Il n'est pas contesté que la MACIF doit indemniser les préjudices subis par Mme [L] [N] ensuite de l'accident du 18 avril 2019.

Mme [N] a présenté au moment de l'accident une contusion au niveau du cou et des douleurs cervicales antérieures. Le lendemain, elle s'est plainte de lombalgies aiguës intenses.

Aux termes de ses rapports, le docteur [F] a conclu que la hernie discale L4-L5 avec décompensation oedémato-inflammatoire d'une discopathie mineure pouvait être en lien avec les faits.

Or, en regard de la distance entre l'apparition de ce symptôme et l'accident et le fait que le traumatisme a concerné les cervicales, il existe un doute sérieux quant à l'imputabilité de cette pathologie à l'accident. La contestation portée par la MACIF à ce sujet apparaît donc suffisamment sérieuse pour considérer qu'il n'est pas établi qu'elle a l'obligation d'indemniser les préjudices découlant de cette pathologie, et en particulier les préjudices persistant après la consolidation de l'état de Mme [N].
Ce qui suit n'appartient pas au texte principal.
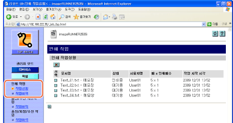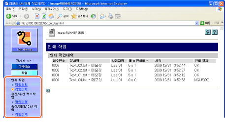 인쇄 작업 페이지에는 기기에서 이미 처리된 작업의 리스트가 표시됩니다.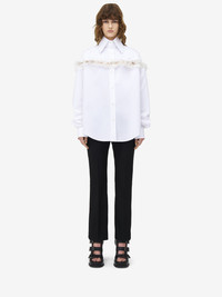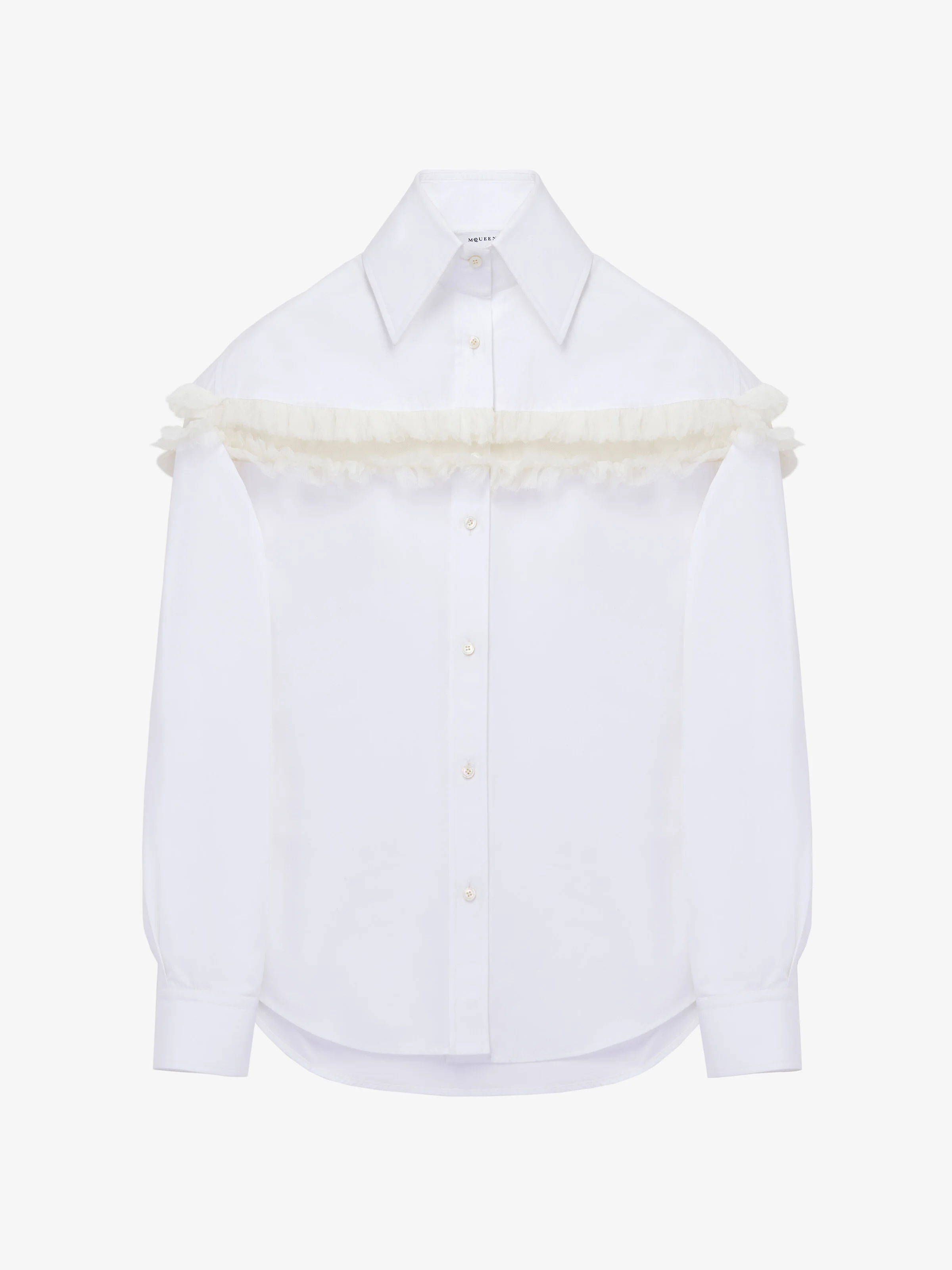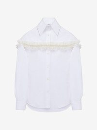Oversized point collar shirt in optical white compact cotton poplin. Gathered ivory chiffon and creponne detailing on a tonal tulle base. Finished with a front button fastening. Product details - Point collar - Front button fastening - Made with organic cotton yarn - Product code: 830386QAABC9000 - Made in Italy - Material: Cotton
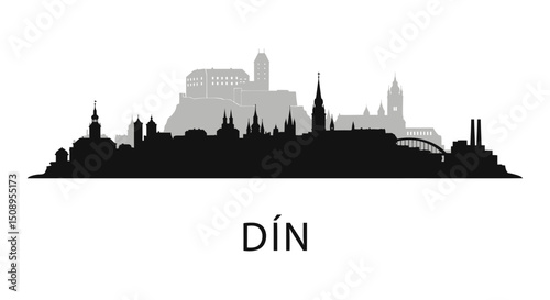 © godsfavoritearts, Fototapeta premium Linz Austria skyline silhouette with city vector.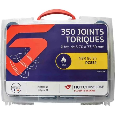 The Hutchinson Le Joint Français O-ring case contains 350 O-rings with inner diameters from 5.70 to 37.30 mm. These NBR80 seals are approved for gas applications.20 different O-Ring sizes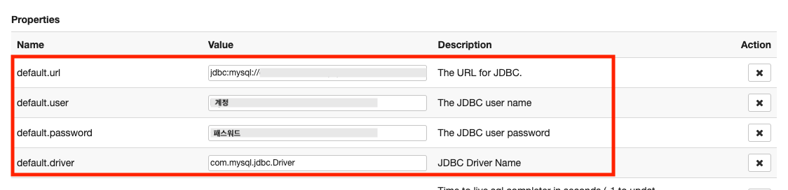 이제 접근하고자 하는 데이터베이스 정보를 넣는다.

Le montant de la provision qui peut être accordée à Mme [N] peut être évalué en tenant compte de l'existence non contestée ni contestable des postes de préjudices parmi ceux invoqués par Mme [N].
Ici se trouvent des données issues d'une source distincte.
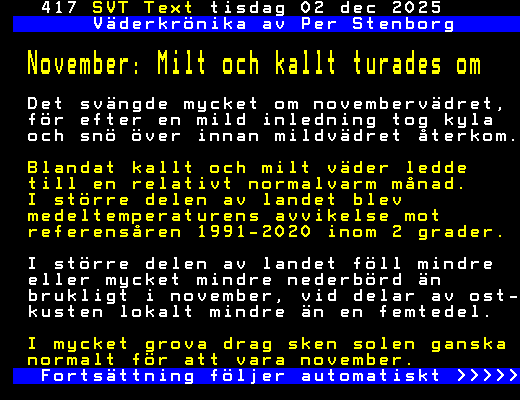 SVT Text Tis 02 Dec. 2025 Väderkrönika av Per Stenborg November: Milt och kallt turades om Det svängde mycket om novembervädret, för efter en mild inledning tog kyla och snö över innan mildvädret återkom. Blandat kallt och milt väder ledde till en relativt normalvarm månad. I större delen av landet blev medeltemperaturens avvikelse mot referensåren 1991-2020 inom 2 grader. I större delen av landet föll mindre eller mycket mindre nederbörd än brukligt i november, vid delar av ost- kusten lokalt mindre än en femtedel. I mycket grova drag sken solen ganska normalt för att vara november. Fortsättning följer automatiskt >>>>> +Dela 1 dag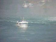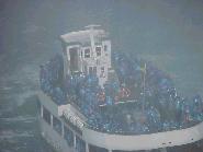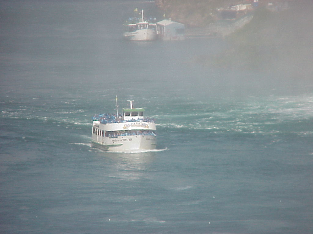 Here are two pictures of the Maid of the Mist boat. Both taken through the heavy mist of the falls. The shot on the far right shows the passengers getting wet despite the rain gear. |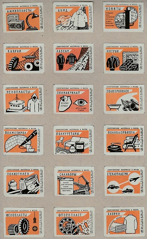 Набор спичечных этикеток. Синтетические материалы - в жизнь, 1965 год, 18 штук.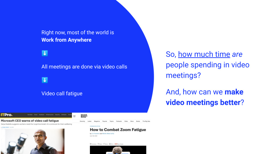 I then had a second brainstorm on potential topics for the data-backed report, and my mind kept going back to an idea that I was very passionate about: the recent growth in video conferencing. I built my project around that idea, and after joining Dialpad, I was able to turn my pitch into reality by publishing the State of Video Conferencing report.

S'agissant des frais divers, il est constant que Mme [N] a engagé la somme de 1 500 euros correspondant aux honoraires de son médecin-conseil. Elle a néanmoins perçu une somme de 1 500 euros à titre de provision ad litem, qui couvre ce préjudice certain.

En ce qui concerne l'assistance par tierce personne, avant comme après consolidation, les souffrances endurées, le préjudice esthétique temporaire, le déficit fonctionnel permanent, le préjudice esthétique permanent, le préjudice d'agrément, le préjudice sexuel, le préjudice d'établissement, l'évaluation de ces postes de préjudice a été réalisée par l'expert en considérant que les discopathies lombaires étaient imputables à l'accident.

Compte-tenu de ce qui précède, l'évaluation de ces postes de préjudices est sérieusement contestable en regard du débat portant sur l'imputabilité des discopathies à l'accident.

De surcroît, Mme [N] a déjà bénéficié du versement d'une provision.

L'ordonnance déférée sera donc confirmée.

2. Sur les frais du procès

Compte tenu de ce qu'elle succombe en appel, Mme [L] [N] doit être déboutée de sa demande sur le fondement de l'article 700 du code de procédure civile et condamnée aux dépens de l'instance d'appel.

PAR CES MOTIFS,

La cour, statuant publiquement, par arrêt réputé contradictoire, après en avoir délibéré conformément à la loi :

Confirme l'ordonnance déférée en ses dispositions soumises à la cour ;

Y ajoutant :

Déboute Mme [L] [N] de sa demande en application de l'article 700 du code de procédure civile en cause d'appel ;

Condamne Mme [L] [N] aux dépens de la procédure d'appel.

Prononcé par mise à disposition de l'arrêt au greffe de la cour, les parties en ayant été préalablement avisées dans les conditions prévues au deuxième alinéa de l'article 450 du code de procédure civile.

Arrêt signé par Mme Anne-Laure Pliskine, conseillère de la deuxième chambre civile, pour la présidente empêchée, et par Mme Solène Roux, greffière, à laquelle la minute de la décision a été remise par le magistrat signataire.